J'étais en train de faire la vaisselle même si Gladiolus avait râlé.

Il ne me laissait plus faire grand-chose. Ça me faisait lever les yeux au ciel, mais je devais bien reconnaître que je n'étais plus en mesure d'en faire beaucoup. J'étais plus affaiblie que je ne l'avais jamais été, sans cesse fatiguée, chaque geste me coûtait. Ma magie n'était plus qu'une ombre fugace. Intérieurement, je l'avais longuement remerciée d'avoir tant fait pour moi. De m'avoir accompagné presque trente ans, même si nos débuts avaient été un peu volcaniques. Nous avions fait du mal, elle et moi, mais, une fois que je l'eus comprise et sus ce que j'étais, nous avions essayé de faire le bien autour de nous.

Cette fois, la fin était vraiment toute proche. La falaise approchait. Il était temps de mettre de l'ordre dans mes affaires, comme on disait.

Il n'y avait pas beaucoup de choses à régler en réalité. Comme je n'utilisais plus mes pouvoirs pour soigner les chasseurs, n'importe qui pourrait me remplacer à l'infirmerie. Sans Cristal, mon rôle de Gardienne n'avait plus lieu d'être. Je n'avais pas d'autres compétences particulières. En somme, je ne manquerai pas au monde. Pourtant, des griffes se plantaient dans mon cœur à chaque fois que je voyais mes amis. Prompto, Ignis, Iris, Lunafreya. Clarus et Talcott, aussi. Et même les chasseurs d'Hammerhead à qui je m'étais habituée, Cid, Cindy, Takka. Et c'était encore pire concernant Gladiolus.

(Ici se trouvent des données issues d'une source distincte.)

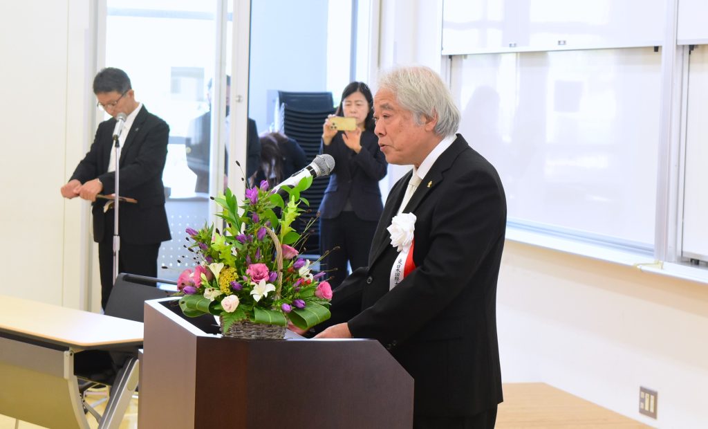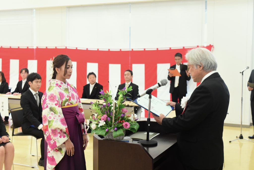 はじめに、中山哲志学長が卒業生全員に学位記を授与し、「建学の精神に基づく人間力をこれからも社会生活に役立ててください。社会に出てからも良い出会いを大切にし、地域のために人々のために活躍されることを期待しております。」と式辞を述べました。

Je leur avais confié à tous à quel point je sentais la fin proche même s'ils ne voulaient pas en entendre parler. Je n'avais pas abordé ce sujet pour attirer leurs regards larmoyants – d'autant plus que ça faisait des mois qu'ils me couvaient tous des yeux comme un œuf de chocobo sur le point de se faire gober par un béhémoth – mais juste pour qu'ils sachent que ça n'allait plus tarder à se produire. Qu'ils s'y préparent, si c'était possible. Et pour me donner le courage de m'y préparer aussi. Leur parler, ça rendait tout plus tangible.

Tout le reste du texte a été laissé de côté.